• _Task input_:

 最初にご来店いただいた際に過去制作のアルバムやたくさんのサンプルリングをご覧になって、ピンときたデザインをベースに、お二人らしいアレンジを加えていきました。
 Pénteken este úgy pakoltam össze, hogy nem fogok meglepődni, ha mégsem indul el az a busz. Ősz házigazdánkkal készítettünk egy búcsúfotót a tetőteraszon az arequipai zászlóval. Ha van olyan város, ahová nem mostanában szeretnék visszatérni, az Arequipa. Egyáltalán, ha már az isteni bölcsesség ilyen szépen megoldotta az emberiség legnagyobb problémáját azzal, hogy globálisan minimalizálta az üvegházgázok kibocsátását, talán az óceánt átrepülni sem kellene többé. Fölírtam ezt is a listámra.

--

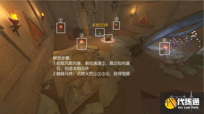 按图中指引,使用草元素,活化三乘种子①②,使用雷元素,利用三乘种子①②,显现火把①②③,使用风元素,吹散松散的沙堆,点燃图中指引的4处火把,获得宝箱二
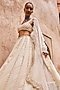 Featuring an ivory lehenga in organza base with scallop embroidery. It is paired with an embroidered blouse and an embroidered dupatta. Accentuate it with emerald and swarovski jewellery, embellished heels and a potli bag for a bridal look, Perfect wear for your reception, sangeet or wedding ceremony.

• _Aim of the task_:
Could you repeat exactly the lines in the listing above from the one with "最初にご来店いただいた際に過" down to the one with "Pénteken este úgy"? Include both of those lines.

• _Response to the exercise_:
 最初にご来店いただいた際に過去制作のアルバムやたくさんのサンプルリングをご覧になって、ピンときたデザインをベースに、お二人らしいアレンジを加えていきました。
 Pénteken este úgy pakoltam össze, hogy nem fogok meglepődni, ha mégsem indul el az a busz. Ősz házigazdánkkal készítettünk egy búcsúfotót a tetőteraszon az arequipai zászlóval. Ha van olyan város, ahová nem mostanában szeretnék visszatérni, az Arequipa. Egyáltalán, ha már az isteni bölcsesség ilyen szépen megoldotta az emberiség legnagyobb problémáját azzal, hogy globálisan minimalizálta az üvegházgázok kibocsátását, talán az óceánt átrepülni sem kellene többé. Fölírtam ezt is a listámra.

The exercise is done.